“I have not spoken to him on the subject.”

“Why not?”

“Because I have, as yet, no influence over him. When he is married, his wife will have influence over him, and she shall speak.”

“Maddalena, I suppose? How do you know that she will speak?”

“Have I not educated her? Does she not understand what her duties are toward the Church, in whose bosom she has been reared?”

Luca hesitated uneasily, and walked away a step or two before he spoke again.

“Does this spoil, as you call it, amount to a large sum of money?” he asked, in an anxious whisper.

“I may answer that question, Luca, at some future time,” said the priest. “For the present, let it be enough that you are acquainted with all I undertook to inform you of when we began our conversation. You now know that if I am anxious for this marriage to take place, it is from motives entirely unconnected with self-interest.

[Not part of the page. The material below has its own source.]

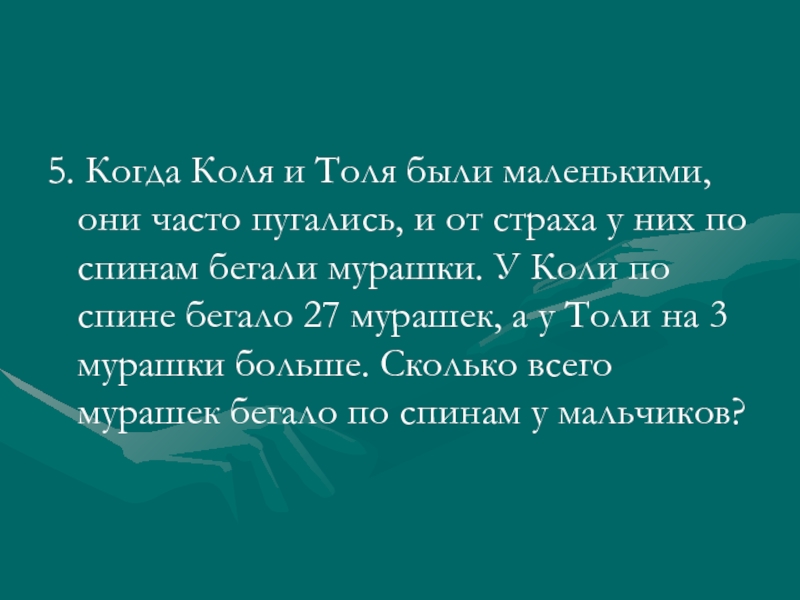 5. Когда Коля и Толя были маленькими, они часто пугались, и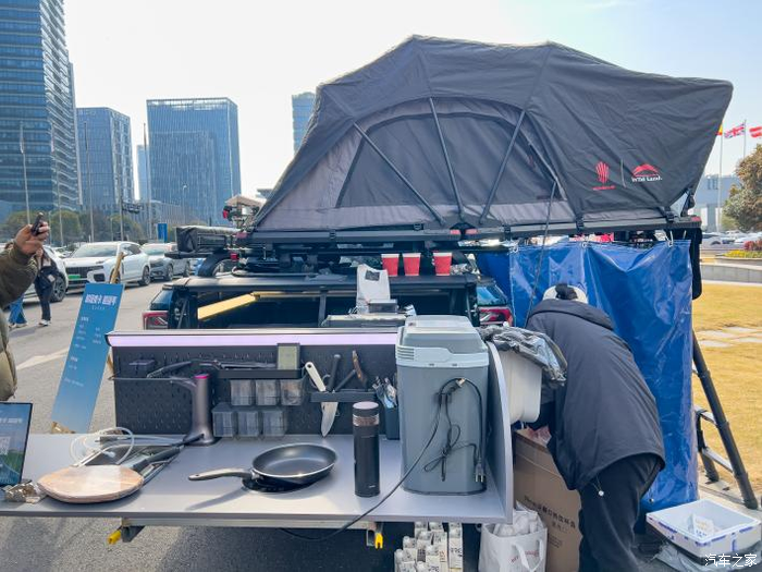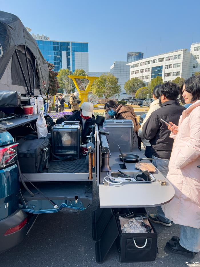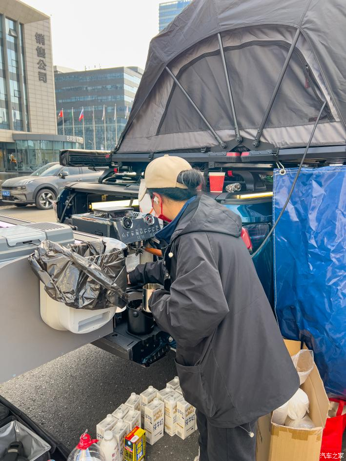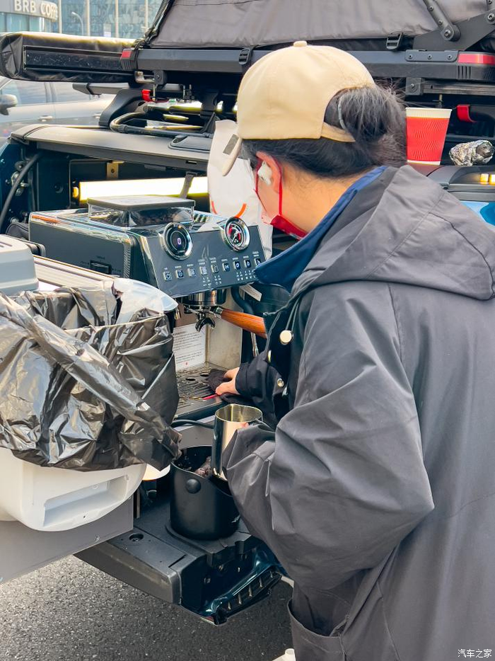 逛了一圈准备去找我的车主朋友,他跟人群一起围观一辆改装的雷达RD6在做咖啡,这辆车也是为露营而改装的,设备也很齐,跟上一辆的不同在于这款车更侧重于家庭出游,所以除了车顶帐篷,淋浴帘,露营桌椅套装之类的基础设备外,还增加了厨房用品,相当于一个移动小厨房。

If all the property which Fabio’s ancestors wrongfully obtained from the Church were restored to the Church to-morrow, not one paulo of it would go into my pocket. I am a poor priest now, and to the end of my days shall remain so. You soldiers of the world, brother, fight for your pay; I am a soldier of the Church, and I fight for my cause.”

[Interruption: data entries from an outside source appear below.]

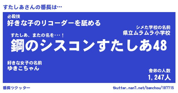 | 伝説のあだ名 | 『封印されしスナイパーすたしあ』 |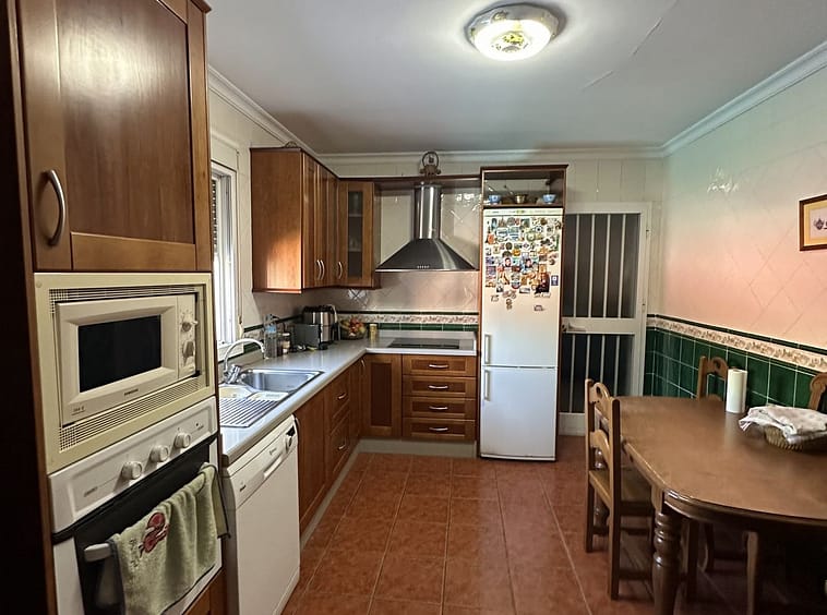 The property has 97 m² constructed area and 95 m² usable area, distributed in a bright living-dining room, a main kitchen and a second kitchen-pantry. The three spacious bedrooms include a master bedroom with en suite bathroom, while the other two share an additional bathroom.
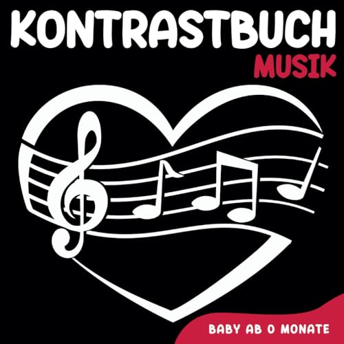 Kontrastbuch baby ab 0 Monate: Musik und Musikinstrumente, kontrastreiche Schwarz-Weiß-Bilder zur visuellen Entwicklung und stimulation der Babyaugen von Geburt an.
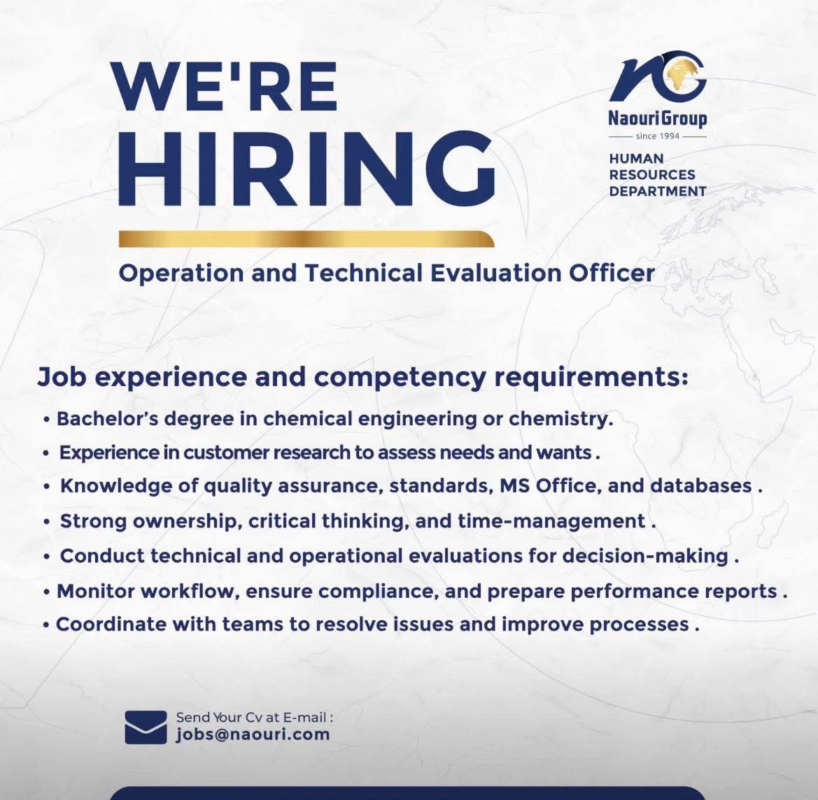 نحن في Naouri Group نعلن عن فرصة مميزة للانضمام إلى فريقنا بوظيفة Operation and Technical Evaluation Officer. إذا كنت تمتلك الخبرة العلمية والعملية في مجال الهندسة أو الكيمياء وتبحث عن بيئة مهنية تدعم التطور وتعزز الإبداع، فهذه فرصتك المناسبة.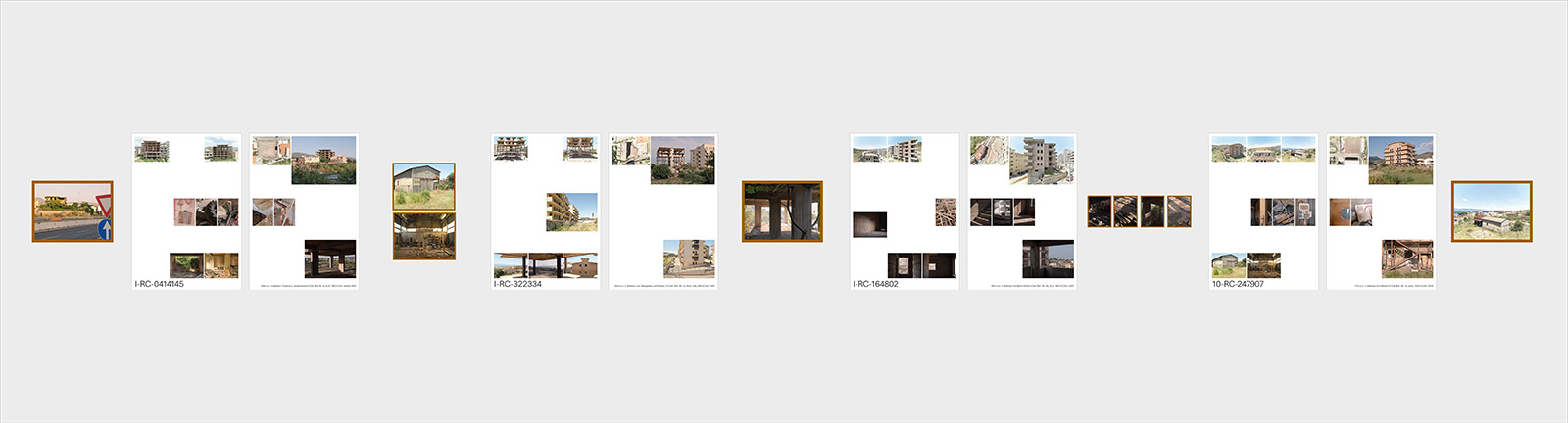 The work originates within a research project promoted by the dAeD Department of the Mediterranean University of Reggio Calabria, which launched an international open call for architects on the theme of reuse. The authors selected several buildings along the SS106 motorway, documenting them with rigour through frontal, lateral, internal and aerial views organised in a grid. Often unfinished or abandoned, these structures emerge as “works in transition”: suspended between a criminal past and the possibility of rebirth.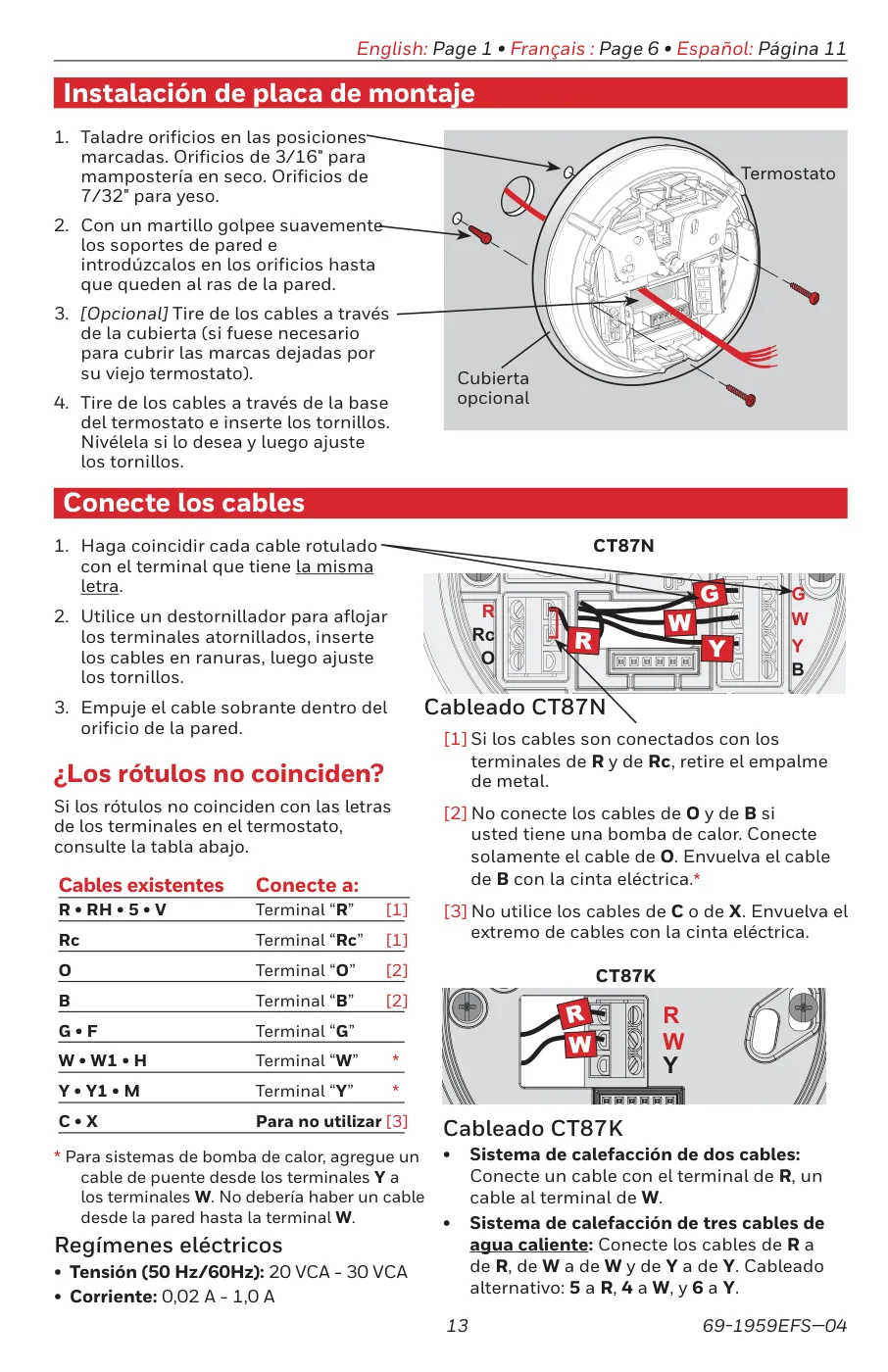 - Conecta los cables a los terminales correspondientes (R, W, Y).

Saying these words, he returned abruptly to the statuette; and refused to speak, or leave his employment again, until he had taken the mold off, and had carefully put away the various fragments of which it consisted. This done, he drew a writing-desk from the drawer of his working-table, and taking out a slip of paper wrote these lines:

“Come down to the studio to-morrow. Fabio will be with us, but Nanina will return no more.”